熊野灘で採集された新種のウロコムシの展示を開始!

2021年04月12日(月)



 このたび、熊野灘の深海から見つかり2021年1月に新種記載されたウロコムシ(和名イッスンボウシウロコムシ)の展示を本日4月12日より開始しました。


 ウロコムシはその名の通り背中にウロコを持つ多毛類という生きもので、大きくは釣り餌などで知られるゴカイの仲間であり、その多くの種がほかの生物と共生することが知られています。今回展示するイッスンボウシウロコムシは、鳥羽水族館が定期的に行っている熊野灘の生物調査で採集した新種のウロコムシです。
 2016年6月に採集したウロコムシを観察したところ、背面にもう1匹小型のウロコムシ(体長約5mm)がいることに当館の学芸員が気付き、知り合いの多毛類研究者である国立極地研究所の自見直人氏(じみ なおと)に標本を送り確認してもらったところ、この2匹は同一種であり、本種は常にメスの背面にオスが乗る習性をもつ未記載種であることが明らかになりました。
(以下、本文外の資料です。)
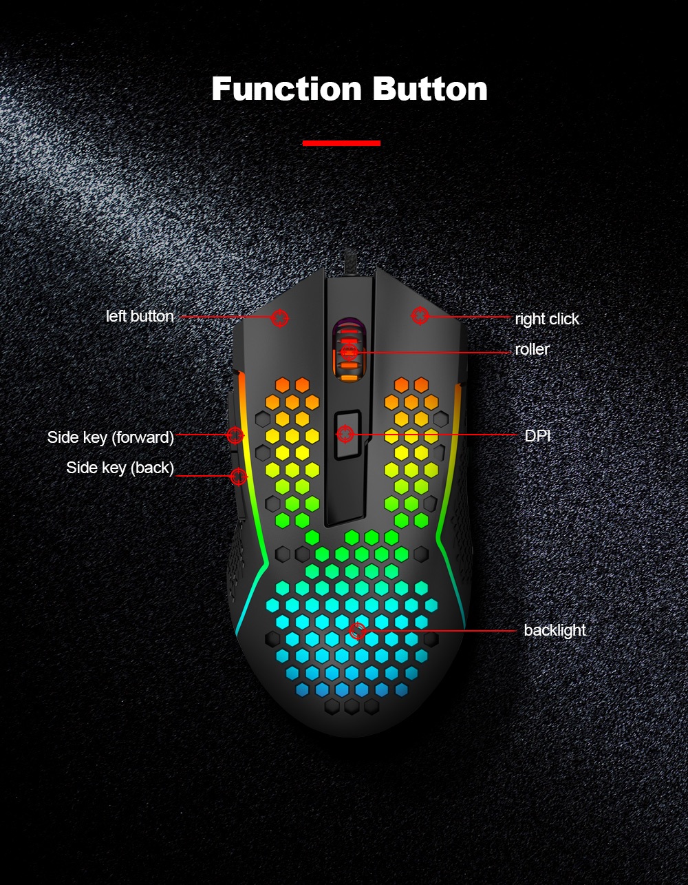 یکی از ویژگیهای برجسته موس ردراگون Reaping M987-K، وزن فوقالعاده سبک (Ultra Weight Design) آن است. این موس تنها 55 گرم وزن دارد (بدون در نظر گرفتن کابل)، که برای یک موس گیمینگ کاملاً بینظیر است. این وزن سبک به گیمرها این امکان را میدهد که در طول جلسات طولانی بازی، بدون احساس خستگی یا سنگینی در دست، به راحتی به حرکات سریع و دقیق دست یابند. ساختار لانه زنبوری بدنه این موس به آن ظاهر خاص میبخشد، همچنین به تهویه بهتر دست کمک میکند و از تعریق جلوگیری میکند، که این امر در بازیهای طولانی مدت بسیار مهم است.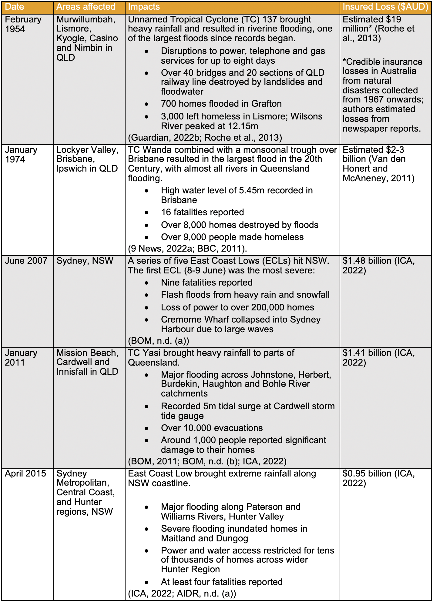 Table 2: Impacts and losses from five significant historical flood events across Queensland (QLD) and New South Wales (NSW).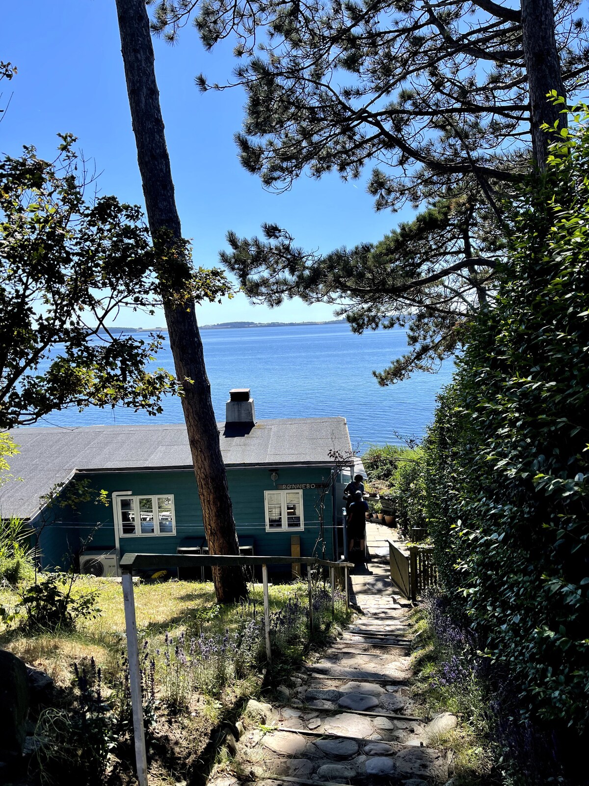 Cuando bajas las escaleras a esta casa de campo azul turquesa, es como si estuvieras entrando en otro mundo. Aquí hay paz, privacidad y vives en medio de la naturaleza. El jardín es el hogar de lagartos y está plantado con muchos rosales diferentes que dan el aroma más maravilloso en verano. En los días sin viento, puedes oír el aleteo de las alas de los pájaros y, si escuchas con atención, también puedes oír a las marsopas que nadan a lo largo de la costa por la noche.

これまでに知られているウロコムシは雌雄で体のサイズに大きな差は無く、本種がウロコムシで矮雄(わいゆう)の存在が確認された初めての例となります。※矮雄とはメスに比べて極端に小さい体の(メスのサイズの2分の1以下)のオスのこと。
 本種は、自見さんら研究者グループと鳥羽水族館の共同研究として論文に新種記載され、3月29日に学術誌:Journal of Zoological Systematics and Evolutionary Researchのweb 版に公開されました。
 ウロコムシは本日より一般公開しており、Kコーナー「へんな生きもの研究所」でご覧頂くことができますが、展示水槽ではヤドカリに共生しており、体も小さい為じっくりと探してみて下さい。



【今回展示する新種のウロコムシ】
イッスンボウシウロコムシ 学名:Eunoe issunboushi (エウノエ イッスンボウシ)
体長: 約2.5㎝ メス3個体(オスは普段メスのうろこの下に隠れている為、肉眼ではオスを確認できません。そのため現在展示個体にオスがいるかは不明です。)
※和名は小さなオスがメスの背中に乗っている姿から、昔話の「一寸法師」に因んで名付けられました。


ウロコムシとは

ウロコムシはゴカイと同じ環形動物門多毛類の仲間で、ウロコムシ科に属する種類の総称です。背面に対をなして並ぶウロコを持つことが特徴です。潮間帯から深海まで様々な環境に生息します。イッスンボウシウロコムシは深海の巻き貝(生きた巻き貝とヤドカリが背負った巻き貝)から見つかります。